> _Exercise goal_: The answer must be only the lines below from the one holding "2021年、2022年、20" down to the one holding "На рис. 1 показаны", ends included, printed exactly; please omit all pictures.

> _Records to process_:

····················

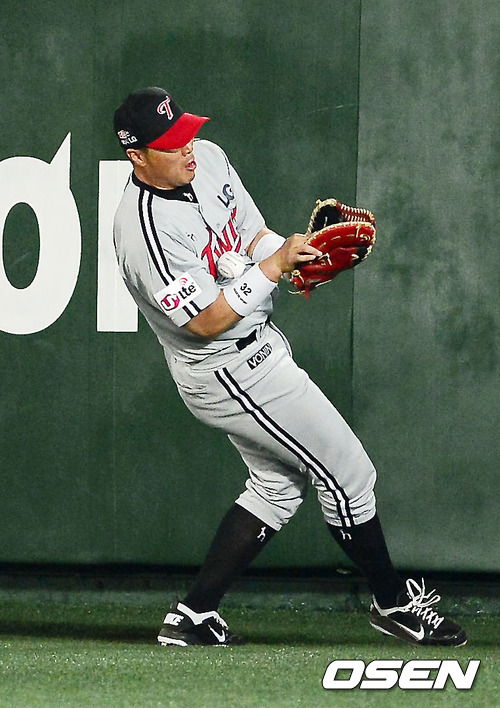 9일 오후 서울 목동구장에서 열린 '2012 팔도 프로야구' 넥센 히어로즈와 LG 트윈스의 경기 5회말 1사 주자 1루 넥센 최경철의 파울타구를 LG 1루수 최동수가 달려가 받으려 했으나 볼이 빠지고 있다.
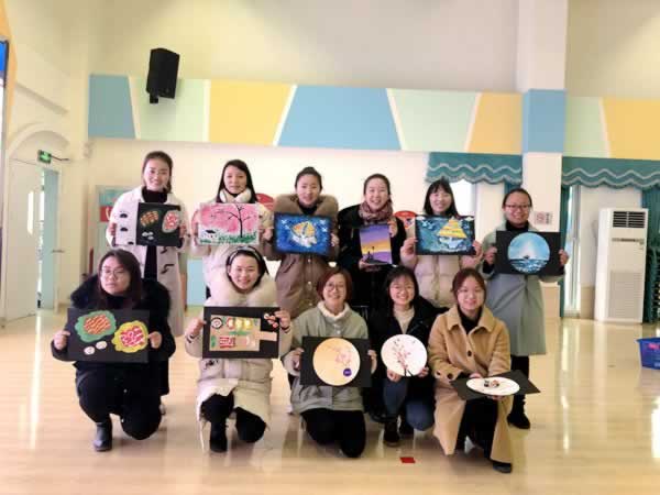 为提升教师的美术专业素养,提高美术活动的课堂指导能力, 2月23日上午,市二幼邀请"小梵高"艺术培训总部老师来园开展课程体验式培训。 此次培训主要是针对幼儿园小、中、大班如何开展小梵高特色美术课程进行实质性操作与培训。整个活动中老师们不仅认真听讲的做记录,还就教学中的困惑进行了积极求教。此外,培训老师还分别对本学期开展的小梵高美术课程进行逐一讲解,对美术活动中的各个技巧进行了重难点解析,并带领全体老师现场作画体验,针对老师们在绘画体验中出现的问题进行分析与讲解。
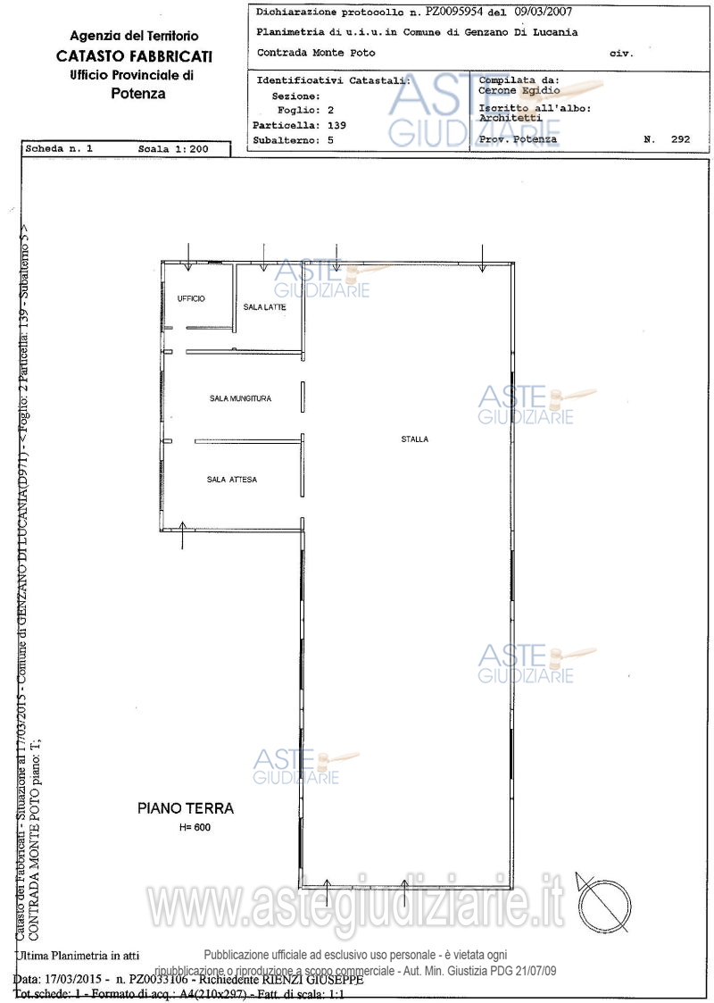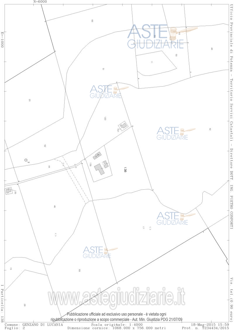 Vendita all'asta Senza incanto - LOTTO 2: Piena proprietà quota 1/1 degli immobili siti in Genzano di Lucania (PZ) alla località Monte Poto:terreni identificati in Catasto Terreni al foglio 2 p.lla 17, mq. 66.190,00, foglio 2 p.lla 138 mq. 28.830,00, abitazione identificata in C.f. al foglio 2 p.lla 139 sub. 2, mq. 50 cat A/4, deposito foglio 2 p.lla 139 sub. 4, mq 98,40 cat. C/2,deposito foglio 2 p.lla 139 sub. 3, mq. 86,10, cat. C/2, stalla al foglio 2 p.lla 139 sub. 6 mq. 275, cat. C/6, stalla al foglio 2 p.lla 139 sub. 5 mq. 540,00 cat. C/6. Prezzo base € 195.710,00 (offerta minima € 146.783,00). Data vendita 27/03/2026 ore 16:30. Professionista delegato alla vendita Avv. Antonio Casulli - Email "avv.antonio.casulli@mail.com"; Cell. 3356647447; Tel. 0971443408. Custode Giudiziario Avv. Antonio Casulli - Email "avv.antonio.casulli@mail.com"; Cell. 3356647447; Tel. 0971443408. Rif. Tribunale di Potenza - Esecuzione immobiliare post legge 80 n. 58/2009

····················

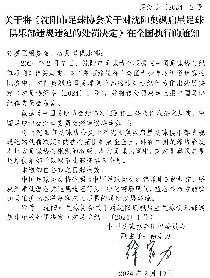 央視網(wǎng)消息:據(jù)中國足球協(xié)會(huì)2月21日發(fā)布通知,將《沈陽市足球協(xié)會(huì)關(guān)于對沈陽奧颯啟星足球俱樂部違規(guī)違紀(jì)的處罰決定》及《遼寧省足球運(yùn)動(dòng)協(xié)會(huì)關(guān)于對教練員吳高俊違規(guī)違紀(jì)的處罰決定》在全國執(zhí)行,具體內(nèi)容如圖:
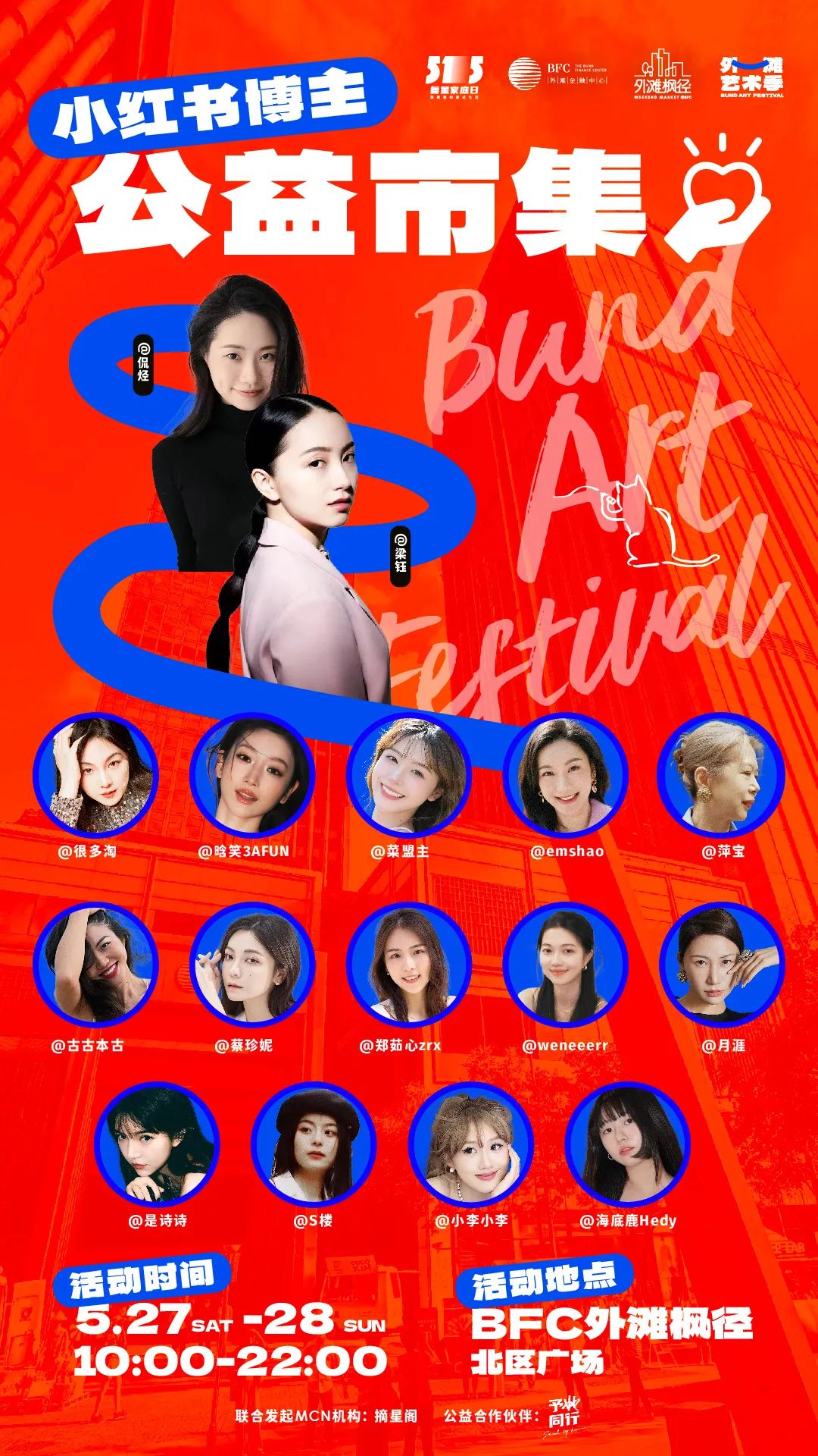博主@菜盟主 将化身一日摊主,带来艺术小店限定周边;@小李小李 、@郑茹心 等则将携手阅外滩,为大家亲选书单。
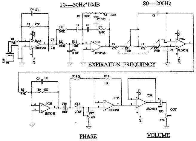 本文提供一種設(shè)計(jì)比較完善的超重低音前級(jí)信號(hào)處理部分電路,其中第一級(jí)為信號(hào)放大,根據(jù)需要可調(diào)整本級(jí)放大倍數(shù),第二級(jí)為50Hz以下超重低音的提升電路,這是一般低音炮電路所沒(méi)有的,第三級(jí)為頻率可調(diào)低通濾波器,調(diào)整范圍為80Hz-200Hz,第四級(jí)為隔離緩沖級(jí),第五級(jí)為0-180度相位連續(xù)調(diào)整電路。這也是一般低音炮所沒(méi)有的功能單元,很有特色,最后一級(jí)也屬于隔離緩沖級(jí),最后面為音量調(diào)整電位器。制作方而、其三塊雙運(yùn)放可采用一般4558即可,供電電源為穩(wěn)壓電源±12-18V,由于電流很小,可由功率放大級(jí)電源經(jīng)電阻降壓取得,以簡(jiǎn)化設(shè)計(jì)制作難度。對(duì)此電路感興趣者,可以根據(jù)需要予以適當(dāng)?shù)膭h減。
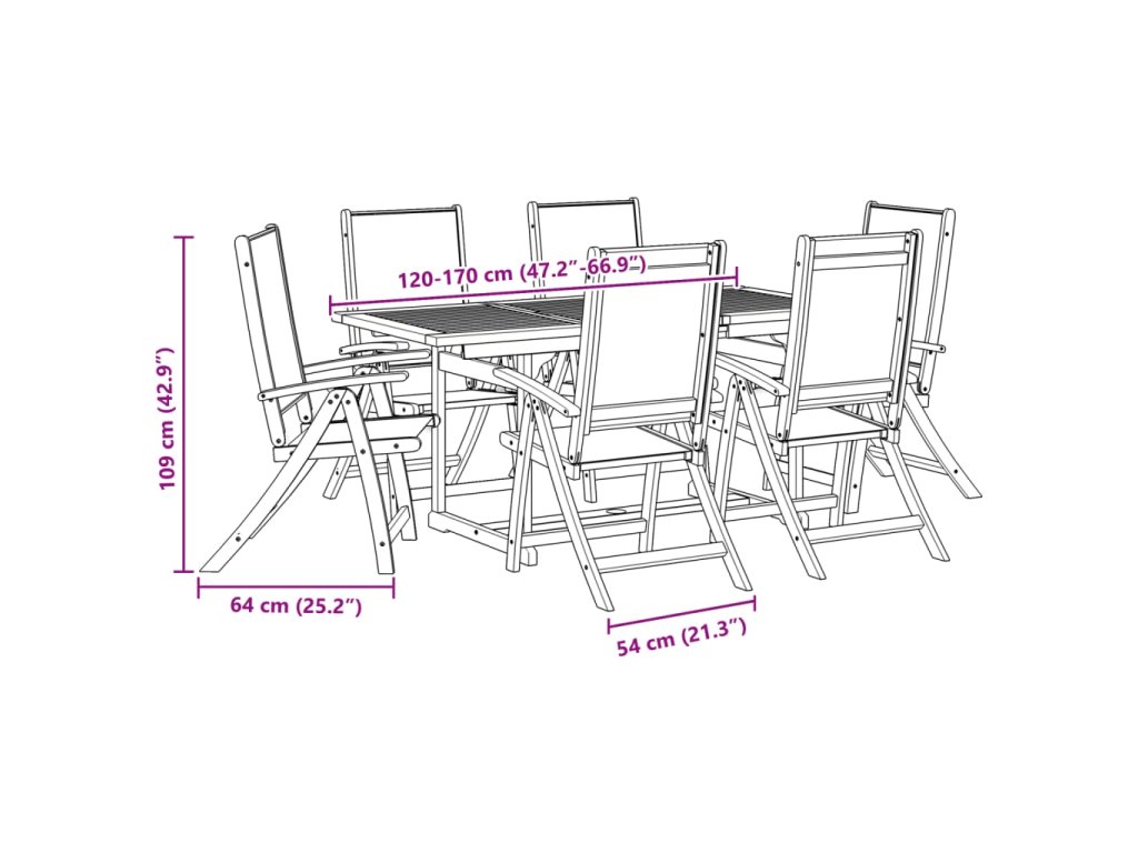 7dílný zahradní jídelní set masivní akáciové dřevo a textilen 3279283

····················

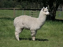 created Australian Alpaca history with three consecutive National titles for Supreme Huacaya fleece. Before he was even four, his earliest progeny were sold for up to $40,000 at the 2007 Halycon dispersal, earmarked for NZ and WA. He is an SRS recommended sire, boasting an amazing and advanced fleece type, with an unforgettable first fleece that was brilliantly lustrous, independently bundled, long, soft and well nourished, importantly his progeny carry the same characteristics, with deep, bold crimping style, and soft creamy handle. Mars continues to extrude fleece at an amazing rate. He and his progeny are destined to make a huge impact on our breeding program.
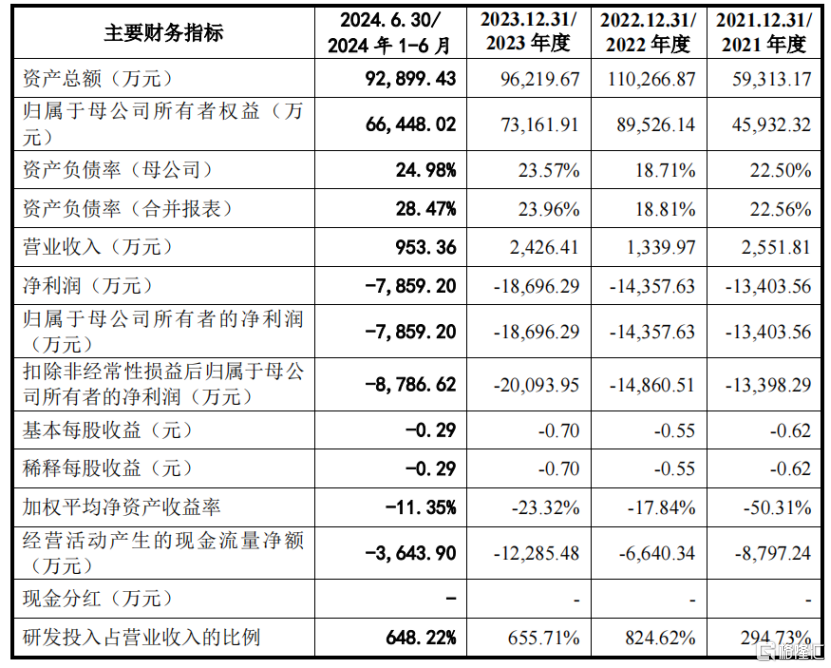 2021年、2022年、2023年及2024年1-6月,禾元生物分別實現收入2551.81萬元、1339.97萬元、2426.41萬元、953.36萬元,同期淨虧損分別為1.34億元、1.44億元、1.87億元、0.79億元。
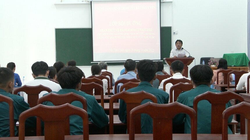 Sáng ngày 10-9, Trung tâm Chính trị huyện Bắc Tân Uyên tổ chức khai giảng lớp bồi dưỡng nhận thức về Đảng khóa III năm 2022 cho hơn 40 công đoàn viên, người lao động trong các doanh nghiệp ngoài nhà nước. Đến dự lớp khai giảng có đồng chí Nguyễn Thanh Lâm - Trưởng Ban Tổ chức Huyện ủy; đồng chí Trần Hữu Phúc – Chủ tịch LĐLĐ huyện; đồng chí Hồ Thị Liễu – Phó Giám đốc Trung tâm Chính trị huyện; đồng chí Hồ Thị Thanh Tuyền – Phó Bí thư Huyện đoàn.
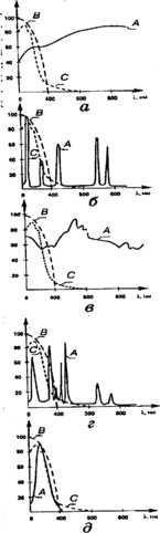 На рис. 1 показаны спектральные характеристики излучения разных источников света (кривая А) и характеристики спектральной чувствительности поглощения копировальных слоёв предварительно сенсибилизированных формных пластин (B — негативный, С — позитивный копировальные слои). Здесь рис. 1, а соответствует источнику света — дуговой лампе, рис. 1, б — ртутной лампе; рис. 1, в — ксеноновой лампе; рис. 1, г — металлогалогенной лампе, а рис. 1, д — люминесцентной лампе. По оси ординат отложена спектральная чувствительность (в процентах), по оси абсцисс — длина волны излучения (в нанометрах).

····················

> _Worked solution_:
 2021年、2022年、2023年及2024年1-6月,禾元生物分別實現收入2551.81萬元、1339.97萬元、2426.41萬元、953.36萬元,同期淨虧損分別為1.34億元、1.44億元、1.87億元、0.79億元。
 Sáng ngày 10-9, Trung tâm Chính trị huyện Bắc Tân Uyên tổ chức khai giảng lớp bồi dưỡng nhận thức về Đảng khóa III năm 2022 cho hơn 40 công đoàn viên, người lao động trong các doanh nghiệp ngoài nhà nước. Đến dự lớp khai giảng có đồng chí Nguyễn Thanh Lâm - Trưởng Ban Tổ chức Huyện ủy; đồng chí Trần Hữu Phúc – Chủ tịch LĐLĐ huyện; đồng chí Hồ Thị Liễu – Phó Giám đốc Trung tâm Chính trị huyện; đồng chí Hồ Thị Thanh Tuyền – Phó Bí thư Huyện đoàn.
 На рис. 1 показаны спектральные характеристики излучения разных источников света (кривая А) и характеристики спектральной чувствительности поглощения копировальных слоёв предварительно сенсибилизированных формных пластин (B — негативный, С — позитивный копировальные слои). Здесь рис. 1, а соответствует источнику света — дуговой лампе, рис. 1, б — ртутной лампе; рис. 1, в — ксеноновой лампе; рис. 1, г — металлогалогенной лампе, а рис. 1, д — люминесцентной лампе. По оси ординат отложена спектральная чувствительность (в процентах), по оси абсцисс — длина волны излучения (в нанометрах).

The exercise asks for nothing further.